第3話 やっと伝えられた

 文化祭から1週間。亜紀から毎日惚気を聞く。受験生だから、しばらくは恋人という名の友人みたいな感じだけど、と言っていたが、すごく幸せそうだった。


 三坂先輩は、ショックを受けていないようだった。

「植木先輩と亜紀、付き合い始めましたね」

 と話しかけたら、

「ああ。まあどこからどう見ても両想いだったからな。ようやくくっついたかと思った」

「え?」

「あ、知らないのか? 須藤亜紀は、植木キャプテンのこと好きだろ。よく試合見に来てたし。キャプテンもキャプテンで、『同い年だったら恋人になれたかな』『亜紀のドレス姿綺麗すぎて見せたくないわ。おい、見るなよ。このポスターを見ていいのは俺だけだ』とか言ってたからな」

 へえ。先輩はあの2人が両想いだと分かっていたのか。だから覚悟できてたのかな。だからもう吹っ切れてるのかな。私は覚悟できてなかったからまだ先輩への思い、捨てきれてないけど。
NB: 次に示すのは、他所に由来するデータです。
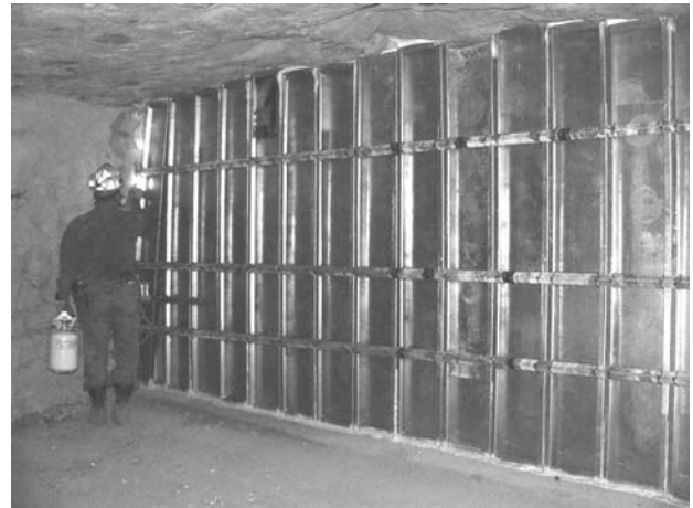
Figure 3. Nearly completed Kennedy steel stopping showing the back side of the panels attached to the horizontal steel angle bars

The stoppings were constructed on level concrete foundations in X-6 and X-7. Since the LLEM installation required the use of panel heights in excess of 1.5 m (5 ft), three rows of steel angle bars, extending horizontally from one rib to the other, were required as per the manufacturer's Instruction Guide. Figure 3 shows the nearly completed steel panel stopping in X-6 as shown from the B-drift side. The steel angles were positioned into small holes that were cut into each rib. The angle bars were located at 0.6, 1.0, and 1.7 m (22, 39, and 68 in) from the mine floor in accordance with the manufacturer's specifications.

 そしてバレンタイン。3年生のマネージャーが引退してしまい、1人になってしまった私は、お得パックを購入して部活の仲間に渡した。渡した、というより、目立つところに置いておいて、取っていってもらう方式だったけれど。誰からももらえなかった部員が多く、「マジでありがとう」と何人にも感謝された。いや、お徳用でごめん。


 部活の後。玄関で三坂先輩に呼び止められた。

「これ」

 そう言って私に袋を差し出した。よく見るとそれは、高級なお店のもの。バレンタインのチョコは何ヶ月も前に予約しないと買えないと言われているものだ。

「えっと?」

「やる」

「え?」

「だから、お前に」

「誰からですか?」

「俺」

「……」

「……」

「えっと」

「本命」

 そう言われた瞬間、顔が真っ赤になったのが分かった。

「顔真っ赤じゃね?」

「うるさいです」

「で? 受け取ってくれねーのか」

「先輩は、亜紀が好きなんじゃ?」

「は?」

「前、中庭で話してるの見て。笑ってたから」

 そう言うと、その時のことを思い出したのか、あー、と言った後、私に視線を合わせてこう言った。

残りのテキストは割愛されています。